Ekonominin canlanma işaretleri vermesinde piyasa ekonomisinin teknik araçlarının ne denli başarılı olduğu gibi konular ağırlık kazandı. Sol ya da sosyal demokrat iktisat politikaları adına topluma alternatif politikalar önermeye çalışan görüşler büyük miktarda gündemden çıktı.

Ülkemiz için büyük fırsat

Oysa dünya genelinde sol ve sosyal demokratlar lehinde siyasi değişime yol açabileceği umudu doğuran kriz, olumsuz etkileri en derinden yaşayan ve bu nedenle siyasal alternatif arayışlarının yoğunlaştığı ülkemiz için daha da büyük bir fırsat demektir. Çünkü iş dünyası, işçiler, tüm çalışanlar ile aileler ve işsizler krizin ekonomik ve sosyal etkilerini en derinden yaşıyorlar. AKP hükümetinin pembe bir tablo çizme çabasına rağmen işini kaybedenlerle birlikte işsizlik rekor düzeylerde.

Gelir ve ücretlerin alım gücünde büyük düşüşler yaşanmakta. Konutlar satılamıyor, yatırımlar erteleniyor, krizin bedelini özellikle yoksullar açlıkla ve yeterli beslenememeyle ödemeye devam ediyorlar. Finans sektöründe olumlu görüntüye karşın reel sektörün sıkıntıları ve halkın perişan durumu sosyal demokrat partilere sol bir ekonomik politika oluşturmak için büyük ideolojik olanaklar sağlamaktadır.

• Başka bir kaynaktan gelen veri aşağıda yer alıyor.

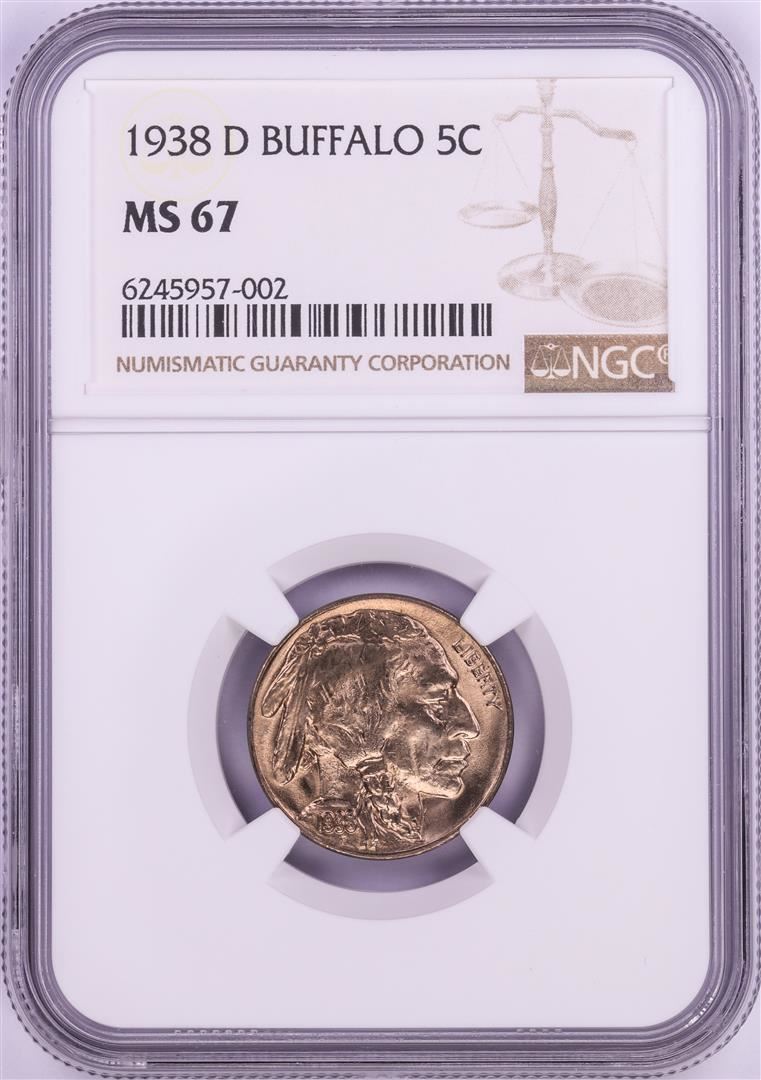 One 1938-D Buffalo Nickel Coin NGC MS67. NGC Certified.
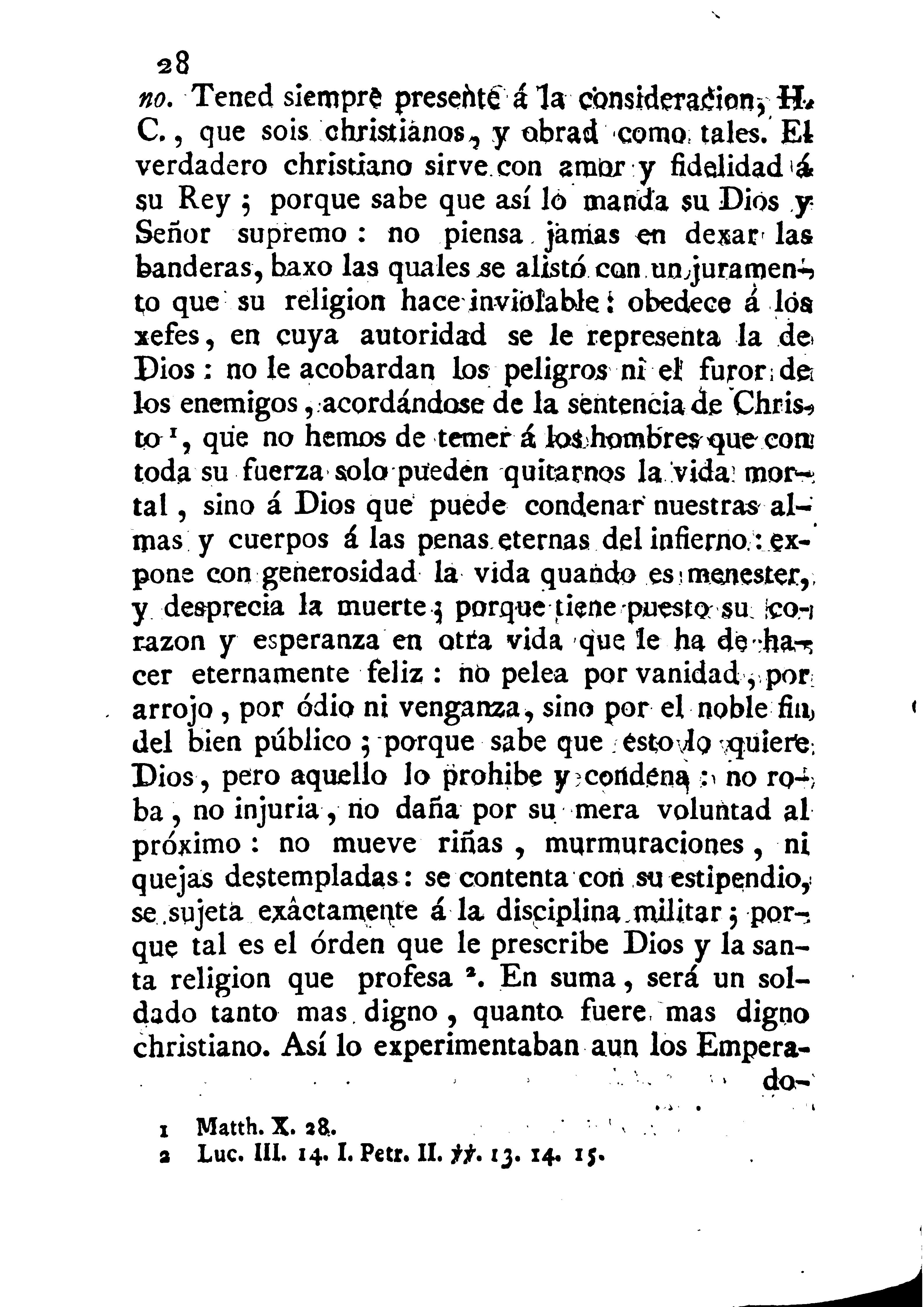 no. Tened siempre presente á la consideracion , H. C. , que sois christianos , y obrad como tales. El verdadero christiano sirve con amor y fidelidad á su Rey ; porque sabe que así lo manda su Dios y Señor supremo : no piensa jamas en dexar las banderas , baxo las quales se alistó con un juramento que su religion hace inviolable : obedece á los xefes , en cuya autoridad se le representa la de Dios no le acobardan los peligros ni el furor de los enemigos , acordándose de la sentencia de Christo , que no hemos de temer á los hombres que con toda su fuerza solo pueden quitarnos la vida mortal , sino á Dios que puede condenar nuestras almas y cuerpos á las penas eternas del infierno : expone con generosidad la vida quando es menester , y desprecia la muerte ; porque tiene puesto su corazon y esperanza en otra vida que le ha de ha cer eternamente feliz no pelea por vanidad , por arrojo , por ódio ni el noble fin venganza , sino por del bien público ; porque sabe que ésto lo quiere; Dios , pero aquello lo prohibe y condena : no roba , no injuria , no daña por su mera voluntad al próximo no mueve riñas , murmuraciones , ni quejas destempladas : se contenta con su estipendio, se sujeta exactamente á la disciplina militar ; porque tal es el órden que le prescribe Dios y la santa religion que profesa 2. En suma , será un soldado tanto mas digno , quanto fuere mas digno christiano . Así lo experimentaban aun los Emperado-

İdeolojik olanağın kaynağı hükümetlerin krizden çıkmak için şu ana kadar başvurdukları çarelerdir. Dünyada ve ülkemizde hükümetlerin krize önlem için başvurdukları çareler liberal piyasa ekonomisinin kuralları içinde arandı. Yani krize yol açan eski yapının dışına çıkılmadı. Emeği ve halkı temel alan yeni bir şey yapılmadı. Ünlü Mısırlı iktisatcı-düşünür Samir Amin’e göre de “yapılanlar sistemi finansal krizden önceki haline geri çevirmek için”di. Yapılanların özeti şudur: Kendi yanlışları sonucunda batmış finansal kuruluşların, vergi verenlerin aleyhine kamulaştırılarak (devletleştirilerek) ya da sermayesine katkıda bulunularak kurtarılması.

Bedeli vatandaş ödüyor

Yani “bireysel zararlar kamulaştırılmış” böylelikle sermayedarların yanlışlarının bedeli vergi ödeyen vatandaşlara ödettirilmiştir. Oysa krize yol açan süreçte bunun tam tersi uygulanmıştı. Dünyanın birçok ülkesinde ve en çok da ülkemizde, vatandaşların vergileriyle yaratılmış en kârlı ve büyük kamu ekonomik kuruluşları özelleştirilmiş, bir diğer deyişle “toplumsal kârlar özelleştirilerek” bu kârlardan toplum yararlandırılacağına yeni yandaş zenginler oluşturulmuştur.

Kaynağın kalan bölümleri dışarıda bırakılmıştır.